US President Joe Biden has convened an emergency meeting among NATO and allied leaders after a deadly blast rocked a Polish border town near Ukraine, vowing to assist an investigation into the incident.
Biden met with officials from six other NATO states, as well as Japan, early on Wednesday morning to discuss an explosion which killed two people in the Polish town of Przewodow the day prior, the White House said. Ahead of the meeting – held in Bali, Indonesia, on the sidelines of the ongoing G20 summit – the president was asked whether he could share what he knows about the blast, but simply said “no.”

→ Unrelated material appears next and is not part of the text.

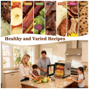 Cansado de lanches pouco saudáveis ou desperdício de alimentos? O desidratador de alimentos da Fooikos transforma ingredientes do dia a dia em deliciosos e naturais petiscos, perfeito para todos os estilos de vida. Para pais ocupados, prepare petiscos de frutas amados pelas crianças, como chips de banana e maçã, no desidratador de frutas definindo a temperatura em 45°C por 6 horas e vá fazer outras tarefas. A proteção contra superaquecimento mantém tudo seguro, as bandejas em aço inoxidável livres de BPA comportam alimentos para a semana toda. Acabe com a briga por junk food! Para os amantes do ar livre, faça jerky de carne com este desidratador de carne, marinar carne magra, ajustar para 60°C por 8 horas e tenha proteína em tamanho compacto para trilhas. Compacto o suficiente para armazenar com equipamento de camping. Para donos de animais de estimação, prepare petiscos para cachorro sem aditivos, como tiras de frango e batata doce neste desidratador de carne. O calor 360 garante secagem uniforme e as bandejas são fáceis de limpar, garantindo que seu mascote tenha o melhor, sem aditivos. Para os amantes de sustentabilidade, conserve produtos sazonais como tomates de verão e ervas frescas com este grande desidratador. Bandejas de 30,5 x 30,5 cm secam porções para uso durante todo o ano, reduzindo o desperdício de alimentos. Bandejas seguras para lava-louças facilitam a limpeza. Combine com um liofilizador para fazer doces divertidos também! Este não é apenas um secador, mas sim seu companheiro na cozinha para petiscos mais saudáveis, mais baratos e mais felizes.
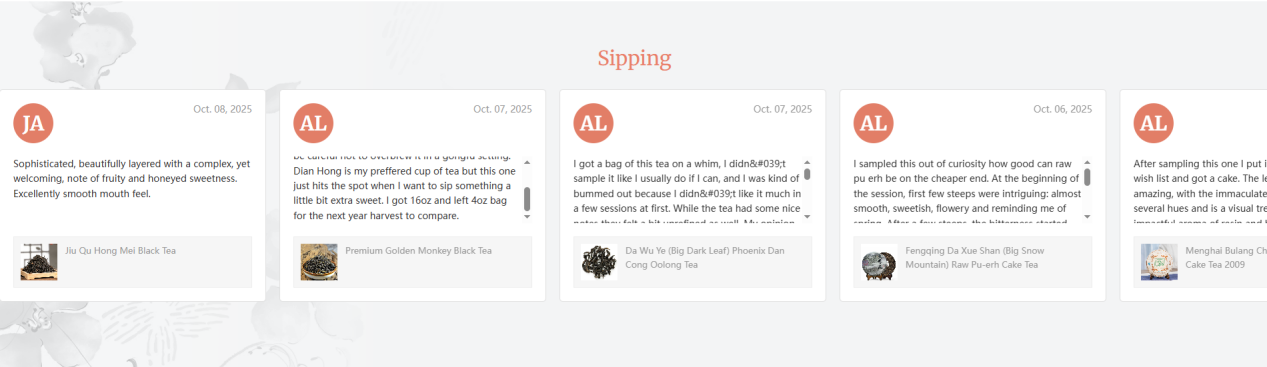 さらに、独立サイトにはユーザーの実際のレビューエリアも設けられています。各茶葉には多くの消費者が試飲後のリアルなフィードバックを残しており、これらのユーザー生成コンテンツは潜在ユーザーの購入への不安を解消し、次の購入への転換を促進します。

Senior officials from Germany, Canada, the Netherlands, Spain, Italy, France, Britain and Japan took part in the sit-down with their American counterparts, according to Reuters. It is unclear why Polish officials did not participate, or whether NATO would hold a separate meeting with all of its 30 members, as the bloc’s Secretary-General Jens Stoltenberg previously noted the alliance would consult on the incident.
Biden expressed “deep condolences for the loss of life” to Polish President Andrzej Duda during a phone call on Tuesday, offering “full US support for and assistance with Poland’s investigation” while reiterating “the United States’ ironclad commitment to NATO.”
While an unnamed US intelligence official earlier told the Associated Press that a “Russian” missile caused the explosion, the Pentagon later clarified that it had no information to corroborate such a claim. Moscow, too, has rebutted allegations that it was behind the blast, with the Russian Defense Ministry stating the incident had “nothing to do with Russian weapons” after Polish media outlets circulated photos of debris said to be missile fragments.
Ukraine, however, was nonetheless quick to accuse Russia of a “missile strike” on a NATO state, with President Vladimir Zelensky suggesting it was an attack on the bloc’s “collective security” and a “very serious escalation.” Poland has also summoned Moscow’s ambassador to discuss the matter.
Soon after the explosion, Warsaw said it would place its military on higher alert and consider whether to invoke NATO’s Article 4 provision – which requires consultations among the alliance if a member state believes they are under military threat or wishes to discuss any other “issue of concern.” It differs from Article 5, a collective security measure that would compel all NATO states to come to the defense of another member.